Amazon urges Bloomberg to drop high-profile claims in an article about Chinese spyware modules in servers
Andy Yassi, CEO of Amazon Web Services, urged Bloomberg to abandon the statements made in a previously published article. It is worth recalling that it was about Chinese modules located in the server hardware. “They did not provide evidence, the plot continues to change, plus there is no reaction to external factors,” Jesse said.
He believes that Bloomberg should take responsibility and abandon high-profile statements from the article. Earlier, Apple CEO Tim Cook said roughly the same thing. He stated that what Bloomberg described in an article never happened, the information should be refuted.
As for the article itself, it talks about the Chinese spy microchip, which is installed on the motherboards of Supermicro servers. This chip supposedly allows the Chinese to get almost any information that the server itself works with the hardware backdoor.
Almost immediately after the release of the material, the head of Apple wrote a response statement stating disagreement with the information contained in the article. According to Cook, this whole story is a fiction, since the servers are under reliable protection of the company's specialists and there can be nothing of the kind in them. Cook also said that server hardware has been tested repeatedly, including several months before a controversial article appeared in Bloomberg.

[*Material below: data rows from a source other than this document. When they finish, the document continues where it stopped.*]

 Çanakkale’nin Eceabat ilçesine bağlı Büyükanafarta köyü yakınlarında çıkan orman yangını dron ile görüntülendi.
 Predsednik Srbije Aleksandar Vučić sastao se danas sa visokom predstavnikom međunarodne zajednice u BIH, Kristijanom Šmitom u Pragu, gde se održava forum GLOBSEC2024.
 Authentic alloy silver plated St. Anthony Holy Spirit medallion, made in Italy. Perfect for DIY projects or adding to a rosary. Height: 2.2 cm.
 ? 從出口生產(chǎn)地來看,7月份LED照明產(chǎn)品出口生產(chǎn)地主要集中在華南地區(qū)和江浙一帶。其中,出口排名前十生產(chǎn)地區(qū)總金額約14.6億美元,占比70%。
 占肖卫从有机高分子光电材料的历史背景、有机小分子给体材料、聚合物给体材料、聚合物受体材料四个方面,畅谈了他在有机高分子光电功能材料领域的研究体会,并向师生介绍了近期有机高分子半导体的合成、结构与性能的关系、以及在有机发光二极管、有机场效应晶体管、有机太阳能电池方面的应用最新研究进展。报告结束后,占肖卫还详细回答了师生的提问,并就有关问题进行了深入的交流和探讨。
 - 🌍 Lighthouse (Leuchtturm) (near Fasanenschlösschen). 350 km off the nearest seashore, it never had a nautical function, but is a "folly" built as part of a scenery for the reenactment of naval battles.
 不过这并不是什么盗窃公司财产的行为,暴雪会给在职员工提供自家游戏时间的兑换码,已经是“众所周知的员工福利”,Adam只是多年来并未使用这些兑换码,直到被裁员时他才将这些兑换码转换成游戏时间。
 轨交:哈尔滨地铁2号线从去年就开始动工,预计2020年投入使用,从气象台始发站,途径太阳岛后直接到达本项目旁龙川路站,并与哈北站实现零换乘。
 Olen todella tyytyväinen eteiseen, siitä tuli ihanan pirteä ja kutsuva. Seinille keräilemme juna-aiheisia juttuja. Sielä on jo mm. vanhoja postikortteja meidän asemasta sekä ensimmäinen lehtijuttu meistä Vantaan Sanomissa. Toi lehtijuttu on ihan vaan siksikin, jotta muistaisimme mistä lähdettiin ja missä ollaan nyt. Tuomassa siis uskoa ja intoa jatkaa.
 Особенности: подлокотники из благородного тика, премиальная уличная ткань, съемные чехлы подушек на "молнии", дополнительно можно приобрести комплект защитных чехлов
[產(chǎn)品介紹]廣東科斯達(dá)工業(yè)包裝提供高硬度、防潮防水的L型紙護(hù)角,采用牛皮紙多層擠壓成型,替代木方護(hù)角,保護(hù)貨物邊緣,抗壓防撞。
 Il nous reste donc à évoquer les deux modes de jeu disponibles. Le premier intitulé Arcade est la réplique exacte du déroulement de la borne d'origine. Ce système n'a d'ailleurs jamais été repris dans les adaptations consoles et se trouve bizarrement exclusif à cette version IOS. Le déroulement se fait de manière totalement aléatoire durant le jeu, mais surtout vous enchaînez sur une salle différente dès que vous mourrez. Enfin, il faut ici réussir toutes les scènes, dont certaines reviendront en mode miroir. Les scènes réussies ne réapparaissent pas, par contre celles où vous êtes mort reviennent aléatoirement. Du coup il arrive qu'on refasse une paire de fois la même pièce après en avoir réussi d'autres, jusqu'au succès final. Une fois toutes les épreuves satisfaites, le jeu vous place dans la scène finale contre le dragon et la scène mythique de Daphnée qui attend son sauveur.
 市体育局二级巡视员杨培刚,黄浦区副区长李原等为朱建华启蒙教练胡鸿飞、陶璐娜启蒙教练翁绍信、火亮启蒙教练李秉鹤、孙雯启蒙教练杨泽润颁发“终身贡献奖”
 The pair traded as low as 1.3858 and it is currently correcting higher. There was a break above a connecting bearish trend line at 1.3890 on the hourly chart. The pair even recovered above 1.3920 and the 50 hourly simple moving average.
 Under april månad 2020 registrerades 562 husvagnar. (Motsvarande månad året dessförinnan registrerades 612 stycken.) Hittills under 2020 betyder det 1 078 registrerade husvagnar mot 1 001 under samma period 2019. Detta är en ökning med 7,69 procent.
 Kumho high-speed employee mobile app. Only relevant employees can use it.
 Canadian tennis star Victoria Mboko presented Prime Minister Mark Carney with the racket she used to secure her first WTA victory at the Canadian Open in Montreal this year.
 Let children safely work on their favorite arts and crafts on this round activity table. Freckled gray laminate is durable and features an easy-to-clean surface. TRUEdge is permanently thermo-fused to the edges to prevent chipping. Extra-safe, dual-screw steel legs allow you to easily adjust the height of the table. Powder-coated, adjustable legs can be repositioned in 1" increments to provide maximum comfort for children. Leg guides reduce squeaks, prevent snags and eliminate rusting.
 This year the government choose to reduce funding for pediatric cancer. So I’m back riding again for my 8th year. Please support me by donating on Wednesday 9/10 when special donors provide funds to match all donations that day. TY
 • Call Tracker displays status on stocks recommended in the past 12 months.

The corporation was not able to detect any chips, it is possible because there were none. “We have never been tested or warned of this danger by the FBI,” Cook said. In addition, the corporation stated that FBI agents did not apply even after the entire article was made public. And the special services would be the first to pay attention to such an incident, which threatens the national security of the country.
As far as Amazon is concerned, this is not the first time that it has been trying to refute Bloomberg’s claims about Chinese digital surveillance of data that is transmitted and processed using servers developed by SuperMicro.
Initially, experts claimed a complete lack of evidence. But soon it appeared, though slightly different in form from what Bloomberg reporters reported. One of the leaders of Sepio System, a company specializing in the security of hardware solutions , said that spyware modules do exist . Recently, this company carried out the order of one of the major customers (whom it was not yet possible to establish whom). The client wanted to know how many vulnerabilities exist in his hardware and software and how to get rid of them.
According to Yossi Applebaum, the head of the company, there are no problems in detecting problems in the server hardware. His company was able to detect more than one spy module. According to Applebaum, the vulnerability is still being introduced at the factory - possibly the factory where the company's servers are manufactured and equipped. Supermicro capacities are quite large, and the facility itself is located about a hundred kilometers from t Shenzhen.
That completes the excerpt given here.